Despite the very different society in which I live, I identify with the anger, the outrage, and the aspirations that I sense are being expressed now in Iran. What many of these voices are calling for is justice and freedom: freedom from the repression and retaliation with which they are faced when they voice dissent, and justice: that elections be real elections, that democracy be real democracy. These sentiments are not far removed from the sentiments that I think almost any human being might face after the horrible reality of a system that holds the freedom and humanity of individuals in contempt is unmasked. Indeed, shouldn’t those of us who have lived for the past ten years in the United States have a familiar feeling about all this? I’d challenge Elliot Abrams – and anyone else who think their point of view is well-informed and insightful enough that it is deserving of publication – not to be quite so hasty. In my view, one should hesitate a bit longer before dismissing the case of Iran and its questionable democracy…at least long enough to consider closely the evidence for election fraud in the 2000 and 2004 elections in the U.S..

In any case, this blog wasn’t intended as political analysis, but just a personal comment on something that is unfolding. Those of you who identify with the left in some sense will probably be far more likely to agree with me that what is unfolding now in Tehran and other Iranian cities – while it is very unlikely to lead to the dethroning of Ahmadinejad next week or next month – is nothing less than history in the making; it is almost certainly the beginning of a new-found respect emerging for the individual and for dissent within Iranian discourse, and it is extremely likely to permanently shift the fault lines of Iranian politics. The social media technologies being employed in the struggle are pointing out the degree to which communication between individuals inevitably evade the grasp of autocratic modes of control, and the increasingly decentralized form such (political) communication is taking, via the Internet, is proof positive of the changing ground of politics in the contemporary era.

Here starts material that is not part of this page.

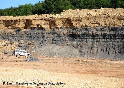 The clay layers shown in the photograph below were laid down as muds during the Jurassic Period about 150 million years ago. They contain fossils such as ammonites (ancient relatives of squid and cuttlefish) which tell us the age of the rocks and show they were laid down in the sea. These particular clays (known as the Oxford Clay) are quarried extensively in Bedfordshire and Cambridgeshire for making bricks.They contain some quartz and calcite as well as clay, that make the bricks particularly strong; they also contain organic remains which burn as the bricks are heated in the brick kiln. This helps to reduce energy costs in brick manufacture.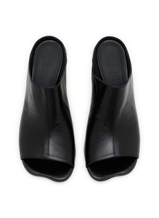 MM6 Maison Margiela delivers understated sophistication with these streamlined leather mules. The smooth noir leather upper sits atop a transparent block heel, whilst the clean silhouette embodies contemporary minimalism. A masterclass in refined simplicity.

And of course, all of this is definitely making the ruling elite in Iran very ill at ease.

And it is one more chapter in the history of individuals standing up to the impersonal mechanisms of power and raising their voices in dissent, even in the face of violence and death.

How ironic that the same Americans who spoke so loudly about spreading democracy around the world can now be silent? Is it possible they don’t recognize democracy when they see it?